• **Data under study**
..........

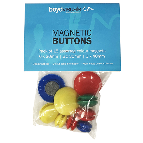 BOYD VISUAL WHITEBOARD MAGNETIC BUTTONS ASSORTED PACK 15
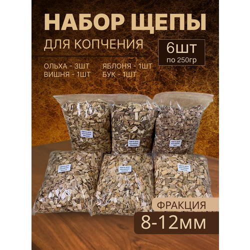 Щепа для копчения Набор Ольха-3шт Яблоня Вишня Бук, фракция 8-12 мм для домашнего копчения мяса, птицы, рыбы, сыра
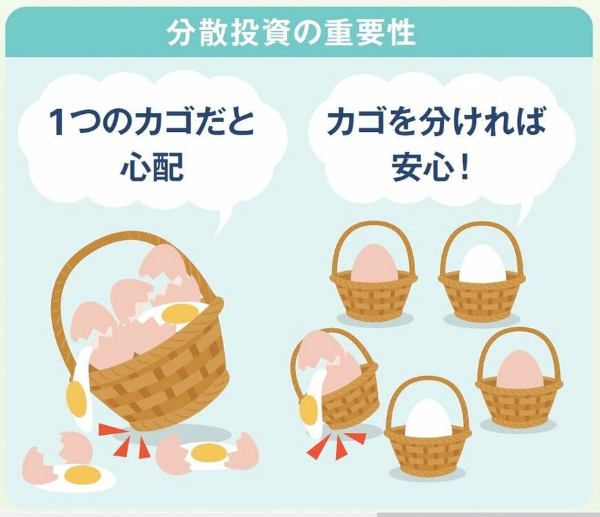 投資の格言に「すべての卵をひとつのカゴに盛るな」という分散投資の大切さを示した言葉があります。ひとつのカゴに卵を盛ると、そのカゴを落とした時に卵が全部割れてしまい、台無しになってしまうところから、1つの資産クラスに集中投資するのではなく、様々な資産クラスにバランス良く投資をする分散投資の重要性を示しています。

..........

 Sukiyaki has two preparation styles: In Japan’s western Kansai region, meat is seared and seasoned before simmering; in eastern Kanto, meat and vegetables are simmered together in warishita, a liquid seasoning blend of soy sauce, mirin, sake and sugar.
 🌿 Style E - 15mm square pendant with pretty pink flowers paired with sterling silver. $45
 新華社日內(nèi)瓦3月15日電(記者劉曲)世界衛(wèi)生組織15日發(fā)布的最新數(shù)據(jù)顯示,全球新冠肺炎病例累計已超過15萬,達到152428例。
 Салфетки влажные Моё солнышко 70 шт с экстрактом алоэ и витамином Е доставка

..........

• **What is required**
From the records above, print only the lines between the one holding "Sukiyaki has two" and the one holding "Салфетки влажные Моё", inclusive, exactly as they stand.

• **Exercise result**
 Sukiyaki has two preparation styles: In Japan’s western Kansai region, meat is seared and seasoned before simmering; in eastern Kanto, meat and vegetables are simmered together in warishita, a liquid seasoning blend of soy sauce, mirin, sake and sugar.
 🌿 Style E - 15mm square pendant with pretty pink flowers paired with sterling silver. $45
 新華社日內(nèi)瓦3月15日電(記者劉曲)世界衛(wèi)生組織15日發(fā)布的最新數(shù)據(jù)顯示,全球新冠肺炎病例累計已超過15萬,達到152428例。
 Салфетки влажные Моё солнышко 70 шт с экстрактом алоэ и витамином Е доставка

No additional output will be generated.